Das #Zappelphilipp-Syndrom bei #Schulkindern

Das Zappelphilipp-Syndrom wird bei einigen Schulkindern festgestellt, weil sie zu früh eingeschult werden. Bei vielen dieser Fälle handelt es sich um Überdiagnosen. Häufig ergreifen die Lehrer die Initiative, weil ihnen besonders unruhige Kinder im Unterricht Probleme bereiten. ADHS  ist jedoch bei Weitem nicht der einzige Grund, warum Schüler nicht still sitzen können. Besonders junge Kinder sind einfach noch nicht reif genug, um dem Unterricht folgen zu können.

Ärzte müssten bei der ADHS-Diagnose unbedingt das Alter und  die Schulsituation der Kinder mit bedenken. Wir brauchen objektivere Kriterien, um jene Kinder zu identifizieren, denen es guttun würde, ein Jahr später eingeschult zu werden. Und die Schulen sollten das auch dann durchsetzen. Für Lehrer ist es schwer, Klassen mit sehr unterschiedlichen Kindern zu unterrichten. Im Moment bekommen die unruhigsten einfach Medikamente. Das ist nicht ideal. 
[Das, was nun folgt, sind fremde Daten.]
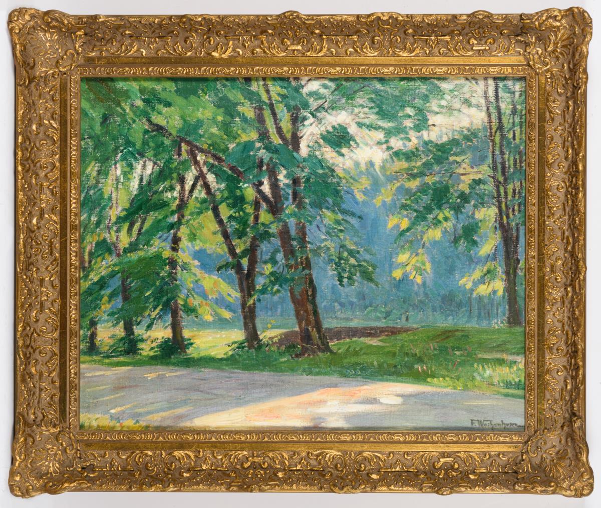 Sonnige Allee mit Schatten spendenden Bäumen vor Waldgebiet.
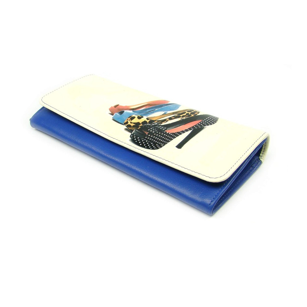 Luxusní dámská peněženka s potiskem módní obuvi. Opravdu velká peněženka je uvnitř sice jednoduchá, ale naprosto geniálně řešená. Vše potřebné pojmou opravdu velké kapsy mezi kterými je mincovník přes celou peněženku. Dámská peněženka s potiskem je vyrobena z pravé velmi jemné kůže a je značky Golunski.
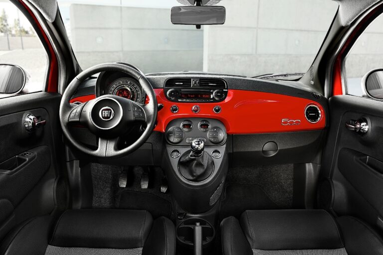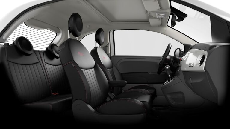 W środku Fiat kontynuował motyw retro i zainstalował płaską deskę rozdzielczą, ale z nowoczesnymi funkcjami. Wysoka środkowa kolumna pomieściła dźwignię zmiany biegów na dolnej części, podczas gdy system audio zajmował górną część. W obrębie zestawu wskaźników producent umieścił szeroki prędkościomierz z wyświetlaczem LCD w środku, wyświetlającym inne informacje z komputera pokładowego. W zależności od poziomu wyposażenia, kierowcę rozpieszczała skórzana kierownica, ręcznie szyta. Model 500 oferował cztery miejsca w kabinie, jednak żadne z nich nie były komfortowe dla wysokich kierowców.
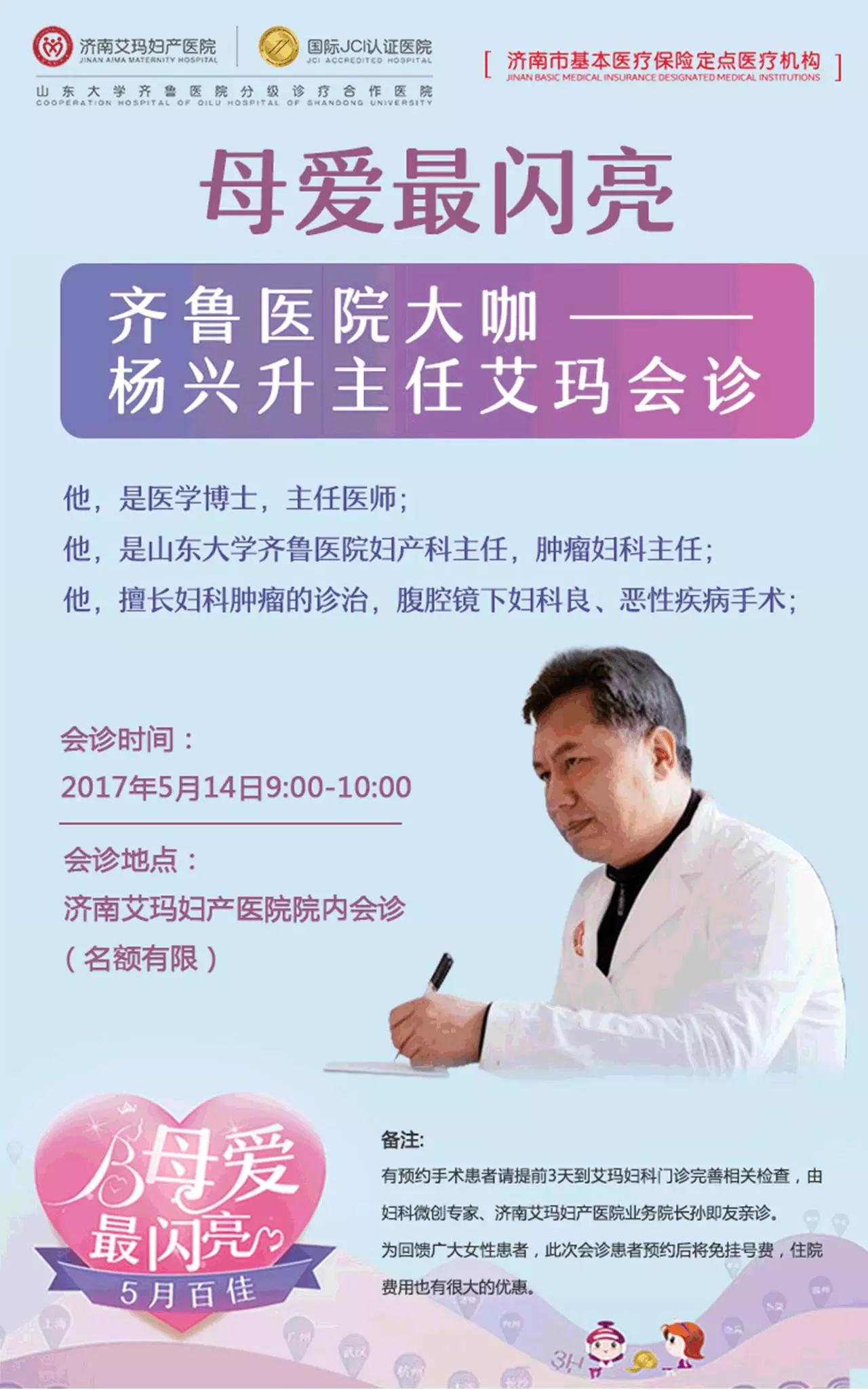 5月14日母亲节,在这个暖心的节日里,济南艾玛妇产医院特邀妇产科主任、肿瘤妇科主任杨兴升来院会诊。在2016年12月举办的“CSCCP全阴道镜规范化(手拉手)系列培训班--济南站”期间,杨兴升主任就曾在艾玛妇产为患者会诊,很多女性朋友慕名而来。

Wir sollten mit der Behandlung warten. Wie verhält sich mein Kind? Im Zweifel sollten wir uns für eine spätere Einschulung entscheiden. Wenn unser Kind noch nicht weit genug entwickelt ist, hilft auch eine intensivere Vorbereitung auf die Schule nicht weiter. Es ist offenbar, dass sich gerade die jüngsten Kinder einer Klasse fast während ihrer gesamten Schullaufbahn mühsam gegen ihre Klassenkameraden behaupten müssen. Ist es aber weit genug, dann ist es zwar eines der älteren Kinder, aber das Schulkind scheint wirklich Spaß an der Schule zu haben?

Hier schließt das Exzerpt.